That cover looks awesome. Do you know if there's a larger image of that since I might make a sig using that pic?


----------



## Ninja Warrior (Jun 5, 2011)

Majeh-Sama said:


> This is the largest I could fine. I was thinking of using this cover for a sig and avatar myself. =D
> 
> 
> 
> ...



Cool thanks for that pic.


----------



## Typhoon Gunner (Jun 7, 2011)

Ninja Warrior said:


> Cool thanks for that pic.



No prob.=) BTW check out my new avatar.  =D


----------



## Ninja Warrior (Jun 19, 2011)

Majeh-Sama said:


> No prob.=) BTW check out my new avatar.  =D



That looks cool. What volume is that pic from?


----------



## Typhoon Gunner (Jun 19, 2011)

Ninja Warrior said:


> That looks cool. What volume is that pic from?



That one I colored from one of the chapters. I thought that would make a good avatar.

BTW just got got volume 38 in the mail the other day and it looks like the story is picking up again. At the end of this volume there's a couple of surprises that happens and the last 10 pages of the volume in my opinion ends with a big cliffhanger. One of the surprises that ends with a cliffhanger is that in the very last panel shows the appearance of an old character which hasn't been seen in the series for a long time. If you guys want to be spoiled on who this mystery character is, click on the spoiler below. 

FYI I can't read much Korean so most of what I will be mentioning will be judged by viewing the artwork.


*Spoiler*: __ 



Volume 38 begins with the King of Hell, Cerberus, Samhuk and a older guy talking to one another.

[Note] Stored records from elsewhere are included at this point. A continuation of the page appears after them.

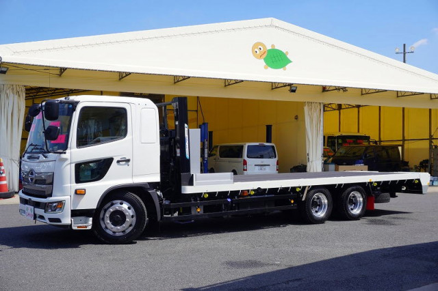 7速MT 大型 三軸 リターダ セルフローダー 造りボディー タダノ製ハイジャッキ ウインチ ウインチ能力8.0トン アユミ板掛け(アングル) 落とし込みフック スタンション穴 アルミホイール LEDヘッドライト フォグランプ 左電格ミラー 坂道発進補助 シートヒーター 衝突軽減ブレーキ 車線逸脱警報 車両安定性制御装置 社外テール サイドマーカー 作業灯 ガッチャボックス
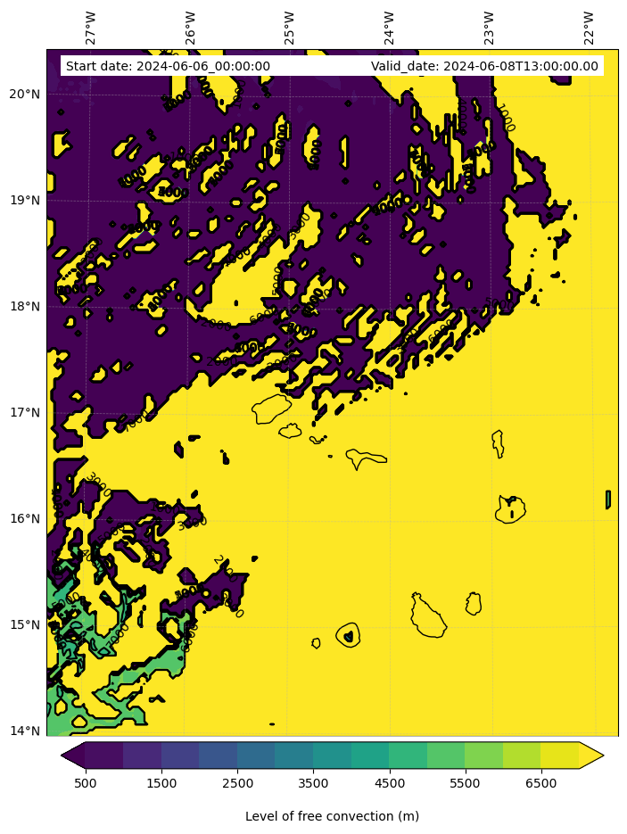 - Level of free convection (m)
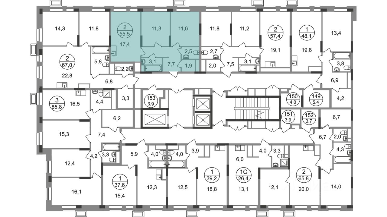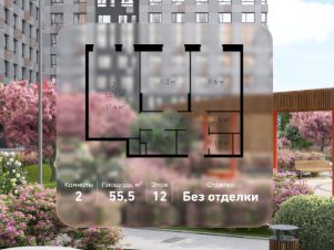 Общая площадь квартиры - 55,5 кв. м, этаж 12 из 19.
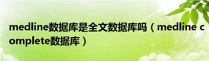 关于medline数据库是全文数据库吗,medline complete数据库这个很多人还不知道,今天菲菲来为大家解答以上的问题,现在让我们一起来看看吧!
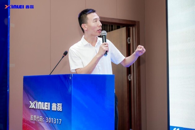 鑫磊山西大客户事业部总经理段民刚发表了《鑫突破,磊增长》的主题演讲。他详细介绍了双碳政策下空气源热泵行业迎来的巨大发展机遇,同时分享了山西政府出台支持空气源热泵应用的政策。
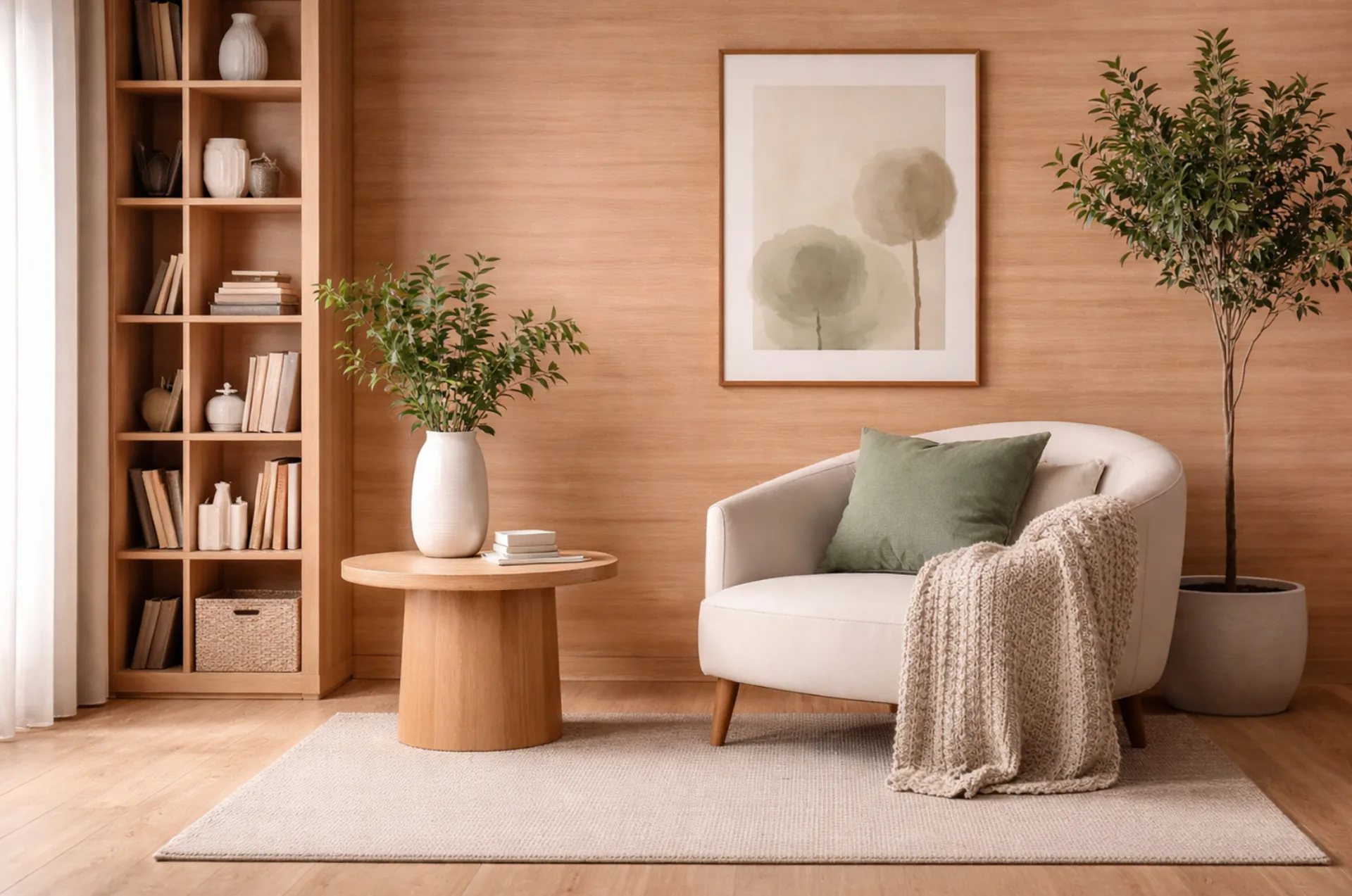 Tablero de melamina media-oscura con veta definida y poro sincronizado. Autenticidad neoyorquina al tacto.

At some point during the conversation, Cerberus is shown thinking about his Full Demon Form. I'm guessing that the King of Hell wants Cerberus to transform to his full demon form possibly to help Majeh fight against Murin when the time comes.

Then we see Majeh and crew are safely in the Soora Kingdom talking which I assume is the leader of the Soora demons. This is the same demon which Majeh fought back in volume 1 but at the moment it looks like there calling it a truce between the two. Soon after Majeh is seen going towards a large forest with a massive volcano in the center leaving Dohwa, Chung poong, Crazy dog, and Young behind with the soora ruler.

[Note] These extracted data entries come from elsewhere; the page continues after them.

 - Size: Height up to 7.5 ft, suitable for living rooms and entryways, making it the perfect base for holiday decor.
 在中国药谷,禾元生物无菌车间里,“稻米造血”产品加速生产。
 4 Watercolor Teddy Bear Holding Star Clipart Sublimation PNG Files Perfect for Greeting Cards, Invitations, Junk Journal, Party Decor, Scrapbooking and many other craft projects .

While Majeh is seen fighting his way to into the forest full with demons and monsters the soora ruler takes the rest of Majeh crew to some type of maze training ground. Most of the volume is shown with Dohwa, Young, crazy dog, and young fighting different opponents in that maze and trying to stay alive. 

While Majeh and the crew are doing their thing a new character which I haven't seen before, which I assume is in the living world, appears in full knight battle armor which we can't see his face and starts mass killing all of the demons that were probably harming the humans. If I had to guess who that mystery warrior is I would say it's probably Cerberus in his full demon form since it shows him killing those demons like it was nothing.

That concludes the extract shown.